Democrats are pressing to approve the new funding by the end of the week, when the House and Senate are set to begin a two-week recess. But for the bill to clear the Senate that quickly, all 100 senators would have to agree to proceed, and multiple Republicans said Tuesday that they would seek a vote on the border restrictions as a condition.

“We’ll have to have a discussion about a reasonable amendment process,” Senate Minority Leader Mitch McConnell, R-Ky., told reporters Tuesday, specifically mentioning the border provision as a prerequisite.

Such an amendment could be adopted with votes from lawmakers of both parties, which could upend a carefully negotiated compromise to continue funding the country’s domestic pandemic response by, among other things, restocking supplies of vaccines and therapeutic drugs.

Tuesday’s ultimatum represents another bout of whiplash for coronavirus aid negotiations that have been underway for months.

On Monday, Senate negotiators announced a $10 billion bipartisan deal that repurposes previously appropriated coronavirus relief funds. At least half of the new dollars would be used to develop and purchase therapeutics, with roughly $750 million for research and clinical trials to fight future variants and build vaccine manufacturing capacity.

But the agreement ran into a political buzz saw Tuesday, with Republicans and a handful of Democrats complaining about mixed messages from the Biden administration as it seeks to remove a pandemic mitigation measure at the border while simultaneously demanding billions of dollars to address the continuing spread of the virus.

Underscoring the impasse, a procedural vote to advance the $10 billion package failed Tuesday on a 52-to-47 vote, with GOP senators protesting the lack of amendments.

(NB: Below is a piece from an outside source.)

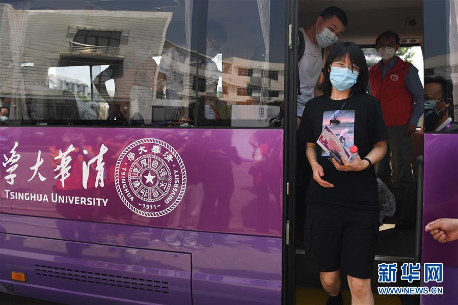6月6日,在清華大學,返校學生走下清華大學接站專車。

Sen. John Thune, R-S.D., the minority whip, said there was “pretty strong” desire in the GOP ranks to reverse the border decision, which would lift a public health order known as Title 42 that, for the past two years, has overridden asylum laws and allowed the federal government to summarily remove migrants amid the pandemic.

“Everybody sees it as a huge mistake, including a lot of Democrats,” Thune said.

Homeland security officials have warned that lifting the order, set to happen in late May, could badly exacerbate a surge of migrants to the southern border, where they would be able to seek asylum in the United States. Lawmakers from both parties have publicly expressed concern that federal agencies are unprepared for the probable influx.

“What I’m waiting for is a plan,” said Sen. Jon Tester, D-Mont. “If they’ve got a plan then I would consider [lifting Title 42]. Otherwise I don’t have a problem keeping it in place.”

The clash has put Senate Majority Leader Chuck Schumer, D-N.Y., in a bind as he moves to check off a long to-do list of legislative items this week, including passing the coronavirus aid package, confirming Judge Ketanji Brown Jackson as a Supreme Court justice and potentially passing new sanctions on Russia. Jackson’s nomination is expected to tie up the Senate floor at least through Thursday, complicating any effort to muscle through the $10 billion coronavirus deal before the end of the week.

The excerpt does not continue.